El PP "esconde" que enchufó a los suyos en Red Eléctrica mientras critica al PSOE por la gestión del apagón
El reciente apagón que dejó a oscuras España y Portugal, y del que aún se sabe muy poco, ha servido para iluminar un problema mucho más grave y arraigado: la politización crónica de Red Eléctrica de España (REDESIA) empresa clave del sistema energético nacional.
Está en juego la eficiencia de una infraestructura crítica y también la credibilidad institucional de un país donde los sillones se reparten como botín entre partidos, relegando la profesionalización, la independencia y el interés público a un segundo plano.
Red Eléctrica, que debería estar dirigida por profesionales ingenieros del sector, es hoy una réplica silenciosa del Congreso, donde PSOE y PP colocan a figuras políticas o afines que poco o nada tienen que ver con la gestión energética. La presidenta Beatriz Corredor, exministra de Vivienda del PSOE, sin experiencia específica en el sector, fue nombrada por afinidad política. Su perfil ha generado desde el inicio fuertes críticas y dudas sobre su idoneidad para liderar una empresa estratégica.

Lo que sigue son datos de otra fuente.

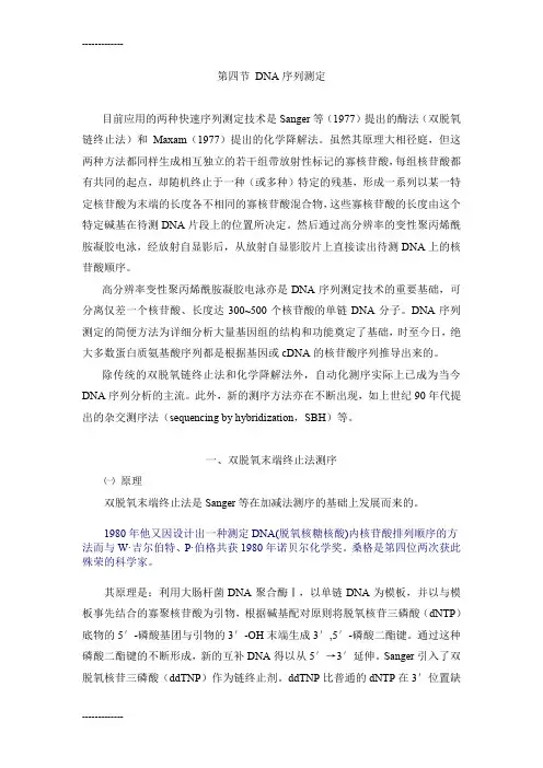 一、双脱氧末端终止法测序㈠原理双脱氧末端终止法是Sanger等在加减法测序的基础上发展而来的。

Sin embargo, las críticas cruzadas encabezadas por Feijóo pierden legitimidad cuando ambos practican el mismo modelo. El PP situó como consejero independiente a José María Abad, miembro del equipo económico del PP, con un perfil técnico de alto nivel —FMI, Moody’s, Goldman Sachs— pero con vinculación directa al partido y miembro también del equipo económico de que fuera ministro Luis de Guindos. Su nombramiento fue promovido por Teodoro García Egea y responde al mismo esquema de control partidista. Abad sustituyó a Arsenio Fernández de Mesa, también del PP y exdirector general de la Guardia Civil, quien previamente había relevado a Agustín Conde, ex presidente del PP en Castilla-La Mancha.
Este reparto de cuotas entre partidos convierte a REE en una especie de mesa de negociación política, más que en una compañía pública dedicada a garantizar el suministro eléctrico con independencia y rigor técnico.
En paralelo, REDESIA, obligada a una gran transformación tecnológica de la red eléctrica, ha estado envuelta en opacidad y sospechas y con un silencio clamoroso político debido a intereses empresariales cercanos al poder antes que al interés común.
Mientras tanto, los sueldos de los consejeros de REE superan ampliamente los 150.000 euros anuales, una cifra difícil de justificar en un contexto de crisis energética, inflación y demandas ciudadanas por mejores servicios públicos. Algunos, como Abad, consejero nombrado por el PP compagina su puesto con otras actividades académicas y de consultoría, lo que plantea dudas sobre la dedicación real y los posibles conflictos de interés. Y es la persona que debe de informar a Feijóo de los entresijos de REDESIA.
El verdadero apagón no fue el del sistema eléctrico. Fue un apagón de transparencia, ética y control institucional. La ciudadanía no elige a estos directivos, pero son ellos quienes toman decisiones que afectan el precio de la luz, la estabilidad del sistema y el futuro energético del país. Y lo hacen desde despachos donde la lealtad partidista pesa más que el conocimiento técnico.
Este modelo de gestión, basado en el intercambio político de favores, no solo erosiona la confianza pública. También pone en riesgo la seguridad energética, la competitividad y la capacidad de España para afrontar los retos del siglo XXI.
Red Eléctrica no puede seguir siendo un premio para exministros, exsecretarios generales o asesores fieles. Es urgente una reforma profunda de su gobernanza, con criterios objetivos, procesos públicos de selección y perfiles verdaderamente independientes. España necesita luz. No solo en las calles. También en las salas donde se decide su futuro energético.